The process of substituting values in algebra involves replacing variables with their respective numerical values. It's a critical first step in evaluating expressions and provides a more concrete form for further operations.

Let's examine how to effectively substitute values using the original exercise we have, where the expression \(\frac{x}{-y}\) is provided, and we need to evaluate it for \(x=-42\) and \(y=-7\). To substitute correctly, simply replace each variable with the given number, ensuring to maintain the original signs as they are critical for the correct evaluation. Therefore, \(x\) becomes \(-42\), and \(-y\) becomes \(-(-7)\), which simplifies to \(+7\) since a double negative equals a positive.

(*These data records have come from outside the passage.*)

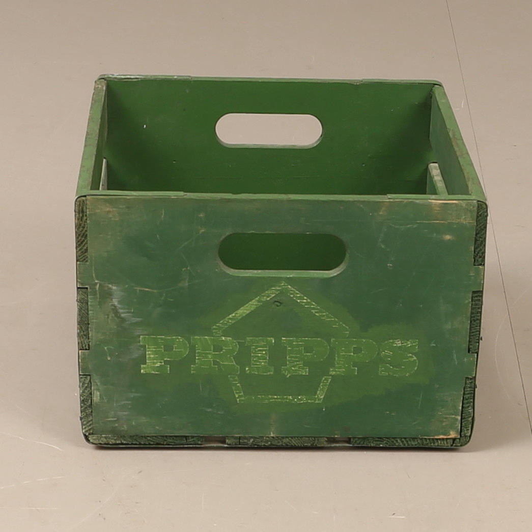 Bruksslitage, färgbortfall, skador. Ena sidan övermålat "Pripps".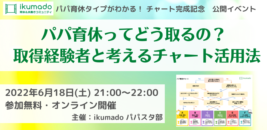 育休&共働きコミュニティ主催「パパ育休タイプがわかる! チャート完成記念イベント」6月18日(土)オンラインにて開催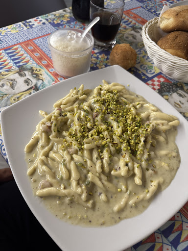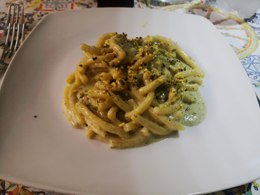 Read moreProvato questo luogo dopo averlo prenotato da thefork. Che dire.. Luogo accogliente e grazioso, molto tradizionale. Il servizio è stato efficiente, però per quanto riguarda il cibo c'è parecchio da migliorare. Abbiamo preso io e la mia ragazza un piccolo antipasto fatto di prodotti tipici siciliani, fin qui tutto bene, arrivando già al primo però devo ammettere che la pasta mi ha parecchio deluso. Abbiamo ordinato delle casarecce al pistacchio, cotte al punto giusto, però la crema di pistacchio si sentiva ben poco, sembrava diluita con acqua. Per quanto riguarda il secondo abbiamo preso un pó di carne e polpette di cavallo, anche qui non erano al top, carne troppo salata e polpette troppo cotte. Quindi per quanto la qualità del cibo in sé non era male il procedimento nel farlo è da migliorare personalmente. Se mi chiedereste di consigliarvelo la mia riposta...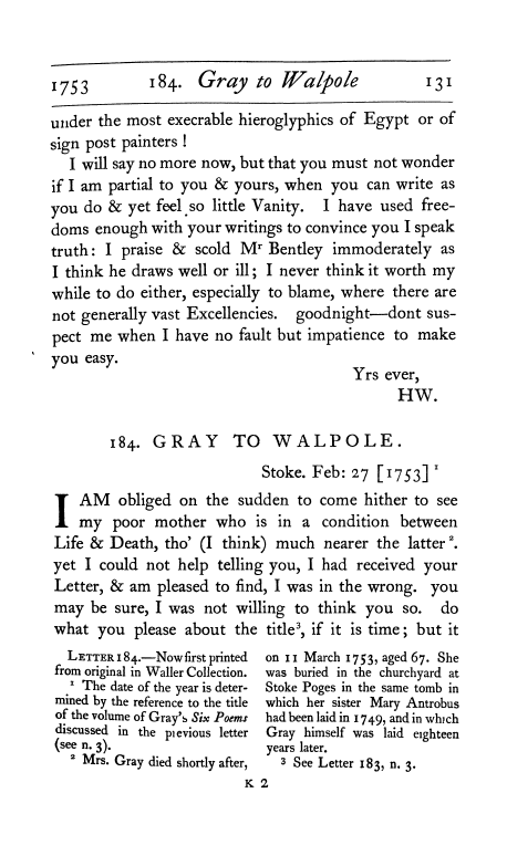 - The Correspondence of Gray, Walpole, West and Ashton (1734-1771), 2 vols. Chronologically arranged and edited with introduction, notes, and index by Paget Toynbee. Oxford: Clarendon Press, 1915, letter no. 184, vol. ii, 131-132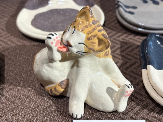 置物「毛づくろい猫」(写真向かって右)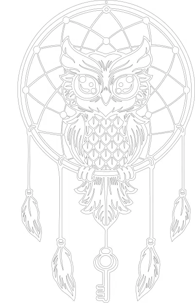Te compartimos un vector descargable para reproducir el diseño de un atrapasueños con una lechuza en el centro.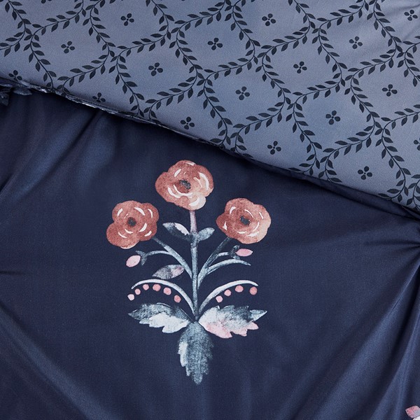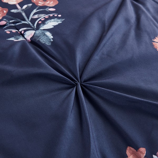 Featuring a floral print on a navy ground with pintuck technique, this microfiber duvet cover set exudes a modern farmhouse style that adds a touch of elegence to any bedroom. Also included are two matching shams to complete the set. Colors featured in the floral motifs include shades of peach, blush, red, teal, and white. The duvet cover come with button closures and 4 inner ties to help keep your duvet insert secured (inserts sold separately).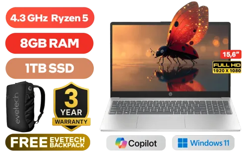 HP 15-fc0057ni AMD Ryzen 5 7520U up to 4.3GHz Processor, 6MB Cache, 4x Cores, 8x Threads / 8GB LPDDR5 RAM / 1TB Ultra-Fast NVME SSD / 15.6" FHD (1920 x 1080) Anti-Glare Display / Integrated AMD Radeon™ Graphics / Windows 11 Home 64bit / Realtek RTL8852BE-VT WiFi 6 Wireless LAN / Bluetooth 5.4 / 720p HP Web Camera / 2 x USB Type-A / 1 x USB Type-C / 1 x HDMI / 1x Headphone And Microphone Combo Jack / Full-size Keyboard / Dual Speakers / HP 15-fc0057ni Ryzen 5 Laptop DealHP 15-fc0057ni AMD Ryzen 5 7520U up to 4.3GHz Processor, 6MB Cache, 4x Cores, 8x Threads / 8GB LPDDR5 RAM / 1TB Ultra-Fast NVME SSD / 15.6" FHD (1920 x 1080) Anti-Glare Display / Integrated AMD Radeon™ Graphics / Windows 11 Home 64bit / Realtek RTL8852BE-VT WiFi 6 Wireless LAN / Bluetooth 5.4 / 720p HP Web Camera / 2 x USB Type-A / 1 x USB Type-C / 1 x HDMI / 1x Headphone And Microphone Combo Jack / Full-size Keyboard / Dual Speakers / HP 15-fc0057ni Ryzen 5 Laptop Deal [C29PMEA/1TB] / 3 YEARS WARRANTY / [+] GET FREE EVETECH DASH Premium Gaming Backpack+ FREE DELIVERY !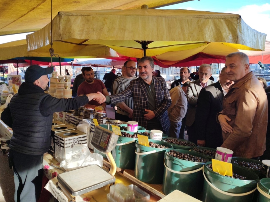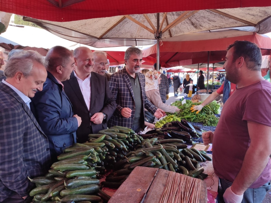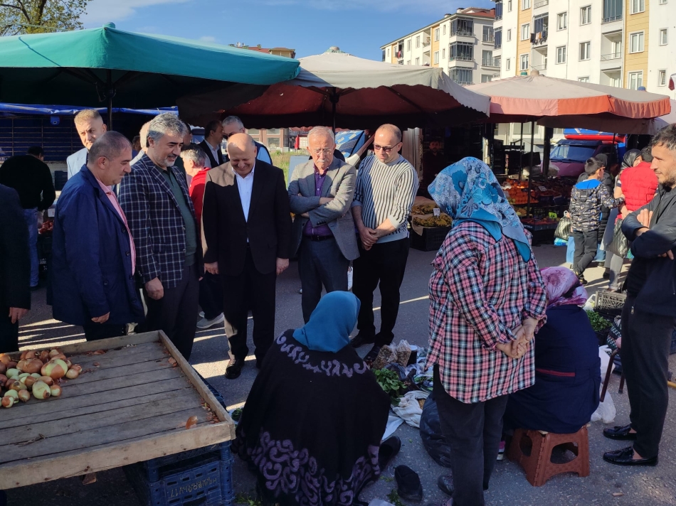 Alparslan ve beraberindekiler ile Pazar esnafının sorunlarını dinleyen Hamarat alış veriş yapmak için pazara gelen vatandaşlarla da sohbet etti.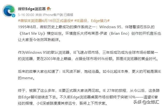 此前,在5月16日,微软的Edge浏览器在其官方博客网站上宣布,微软的IE浏览器将于6月16日正式退役,其功能将与Edge浏览器相连。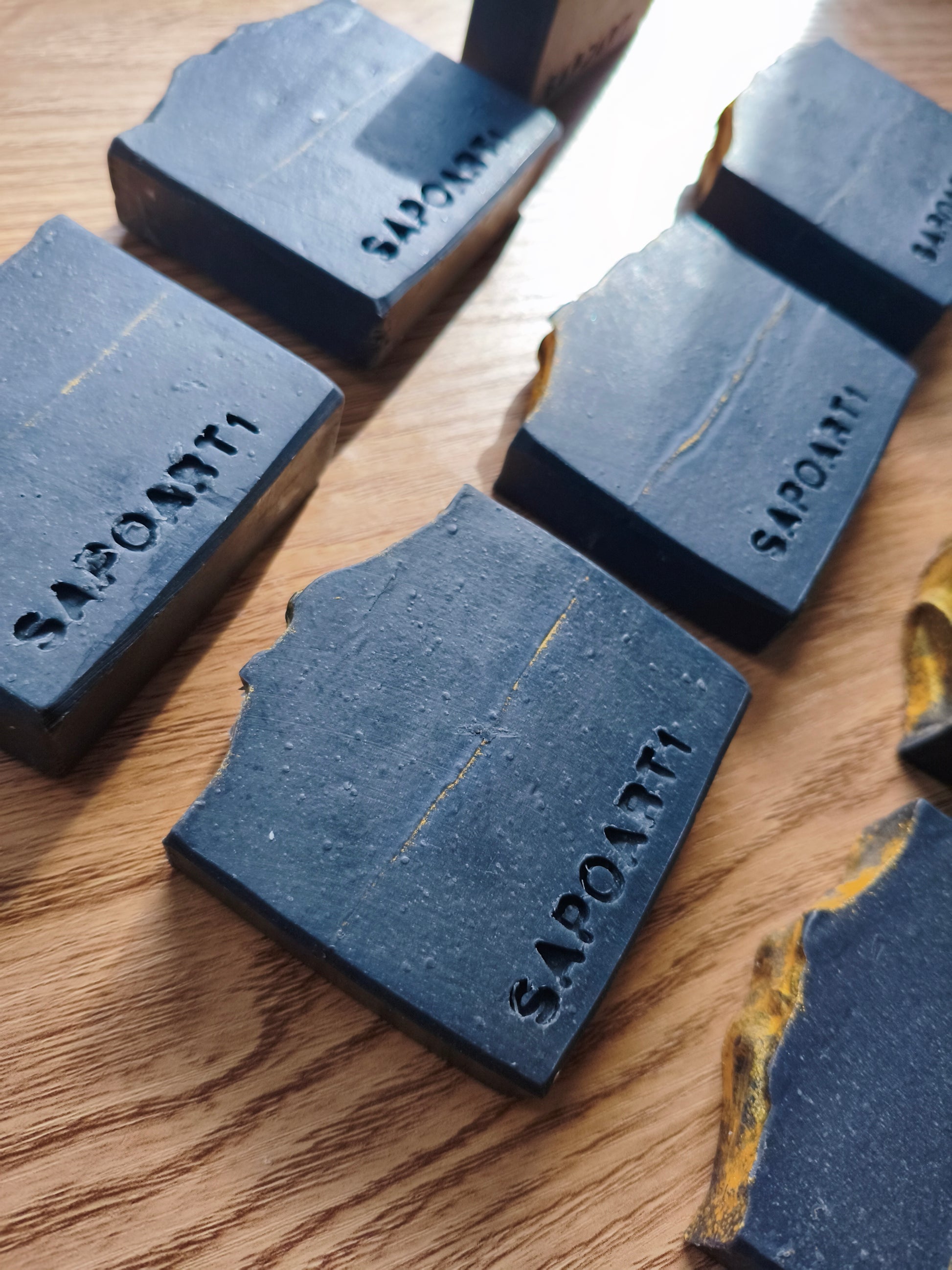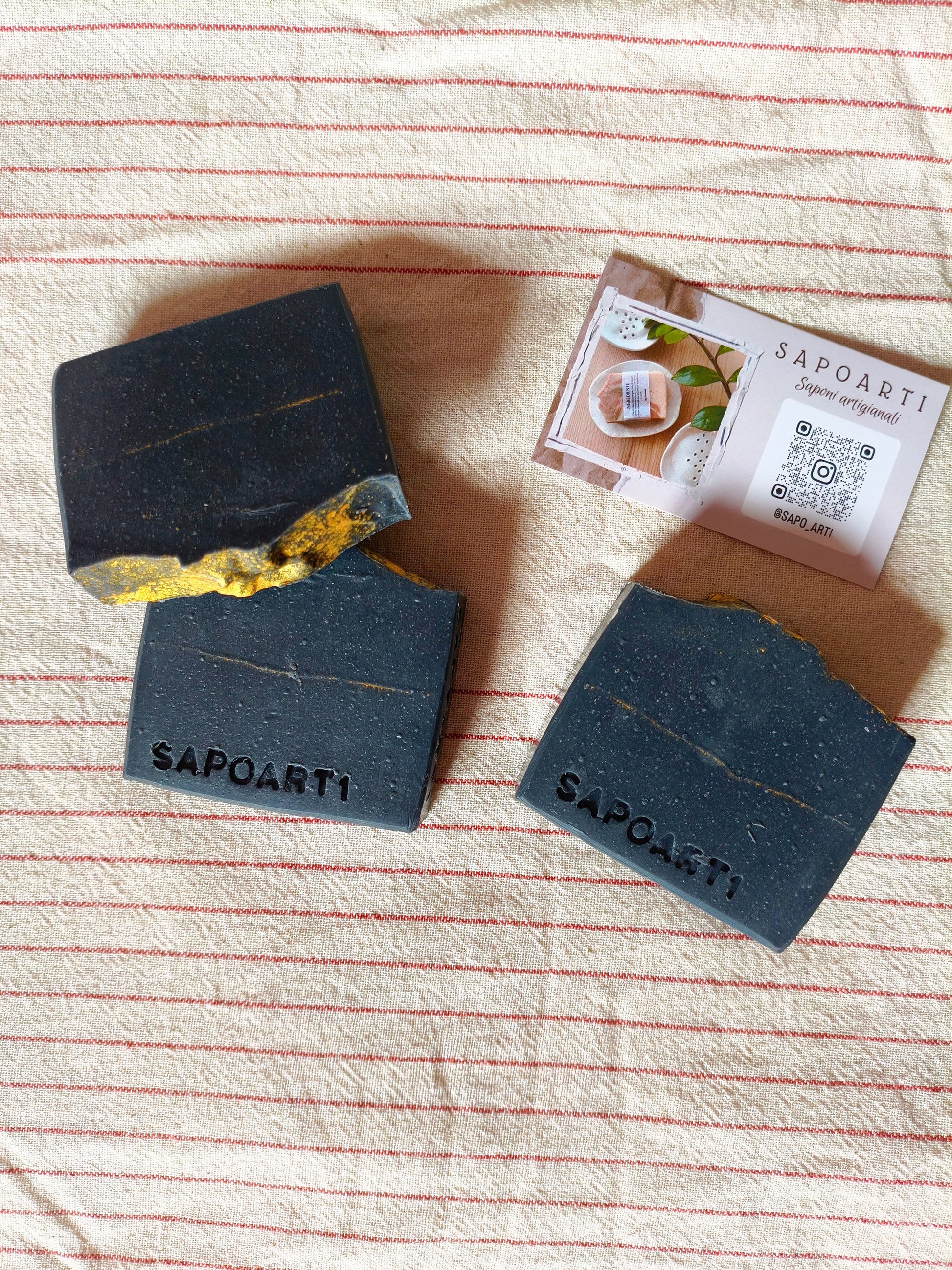Olio d'oliva, olio di cocco, burro di karité, olio al girasole, idrossido di sodio, acqua distillata, carbone attivo, olio essenziale al patchouli.

Once the variables are substituted with their numerical values, the next step is simplification. Simplifying an algebraic expression means performing all possible arithmetic operations to reduce the expression to its simplest form.

In the context of our exercise, after substituting we get \(\frac{-42}{+7}\). To simplify this expression, divide \(-42\) by \(+7\). Simplification helps in distilling the expression to a single value that is easier to comprehend and further use in mathematical reasoning or applications. The goal is to always simplify as much as possible without changing the original value of the expression.

Dividing negative numbers can be a point of confusion, but it follows a simple rule: a negative number divided by another negative number yields a positive result. This rule is crucial and applies universally in mathematics, irrespective of the complexity of the expressions.

In our exercise, the division involved is \(-42\) divided by \(-7\). According to the rule, two negatives cancel each other out, leading to a positive result. Therefore, the expression simplifies to \(+6\), substantiating the fact that the quotient of two negative numbers is positive. This concept is not only fundamental in algebra but also forms the basis for understanding more advanced mathematical ideas.